Dengan penuh pertimbangan, akhirnya Mbah Munawwir pun setuju dengan saran tersebut. Ia berhijrah dari Kauman menuju Krapyak. Di sana, ia membeli sebidang tanah di sebelah selatan Keraton Yogyakarta, milik seorang penjaga gedung. Dari tanah inilah, Mbah Munawwir mulai merintis pondok yang diberi nama Pesantren Krapyak Yogyakarta di akhir tahun 1909 M. Kemudian pesantren tersebut mulai ditempati para santri pada tahun 1910 M. (LPMQ, Para Penjaga Al-Qur’an, hal. 25).
Pendidikan dan pengajaran pada masa Mbah Munawwir tetap menekankan pada bidang Alquran, sesuai dengan keahliannya. Meskipun, tetap dilakukan pengajaran lainnya seperti kitab kuning, fikih, tafsir, hadis, dan lain-lain, tapi hanya sebagai pelengkap saja.
Metode pendidikan dan pengajaran Alquran pada masa itu langsung diasuh oleh Mbah Munawwir. Materi yang disampaikan kepada santri ada dua jenis; pertama, santri yang mengaji Alquran dengan cara membaca mushaf, disebut bin-nadzar; kedua, santri yang mengaji dengan cara menghafalkan mushaf, disebut bil-gaib (LPMQ, Para Penjaga Al-Qur’an, hal. 29).
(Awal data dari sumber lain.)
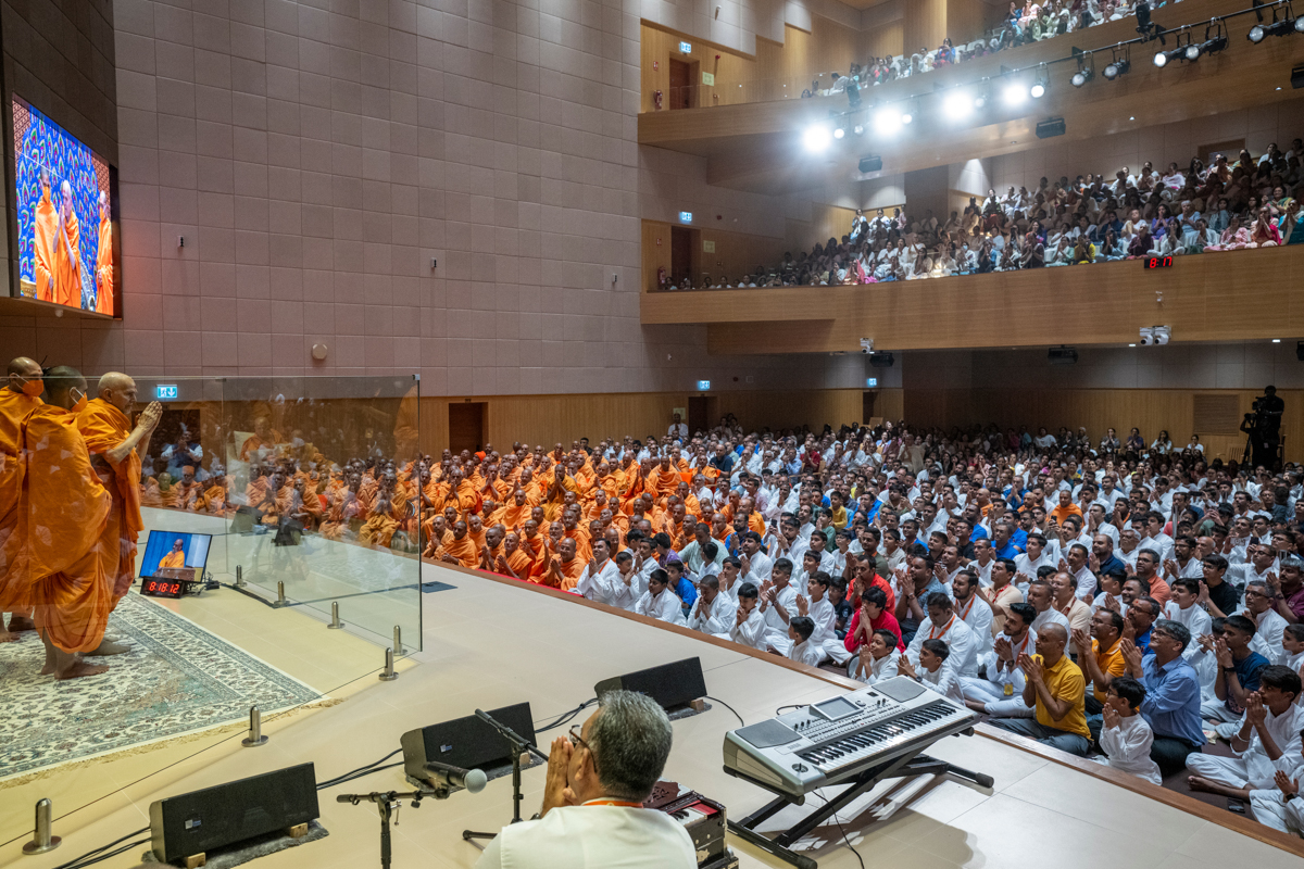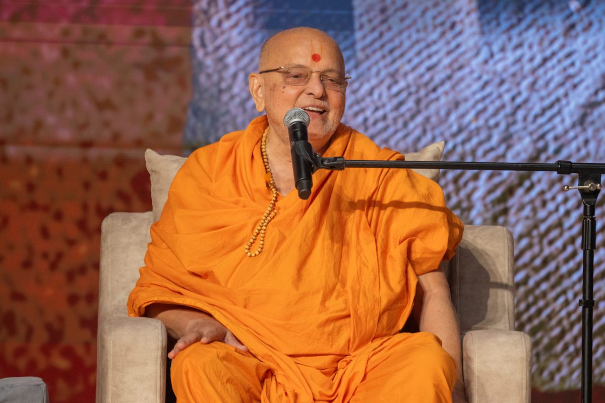Adarshjivan Swami poses questions to Swamishri during an interactive session

Dalam pengajarannya, Mbah Munawwir memakai metode musy?fahah, yaitu santri membaca Alquran satu persatu di hadapannya. Jika terjadi kesalahan dalam membaca, ia langsung membenarkannya, kemudian santri langsung mengikuti. Jadi, antara keduanya saling menyaksikan secara langsung. Selain itu, Mbah Munawwir sering kali menyuruh santri senior untuk membenarkan bacaan santri baru dengan cara minta petunjuk kepada temannya yang lebih pandai di luar majelis. Hal ini dapat membawa manfaat bagi santri agar lebih cepat dan lancar di dalam belajar membaca Alquran.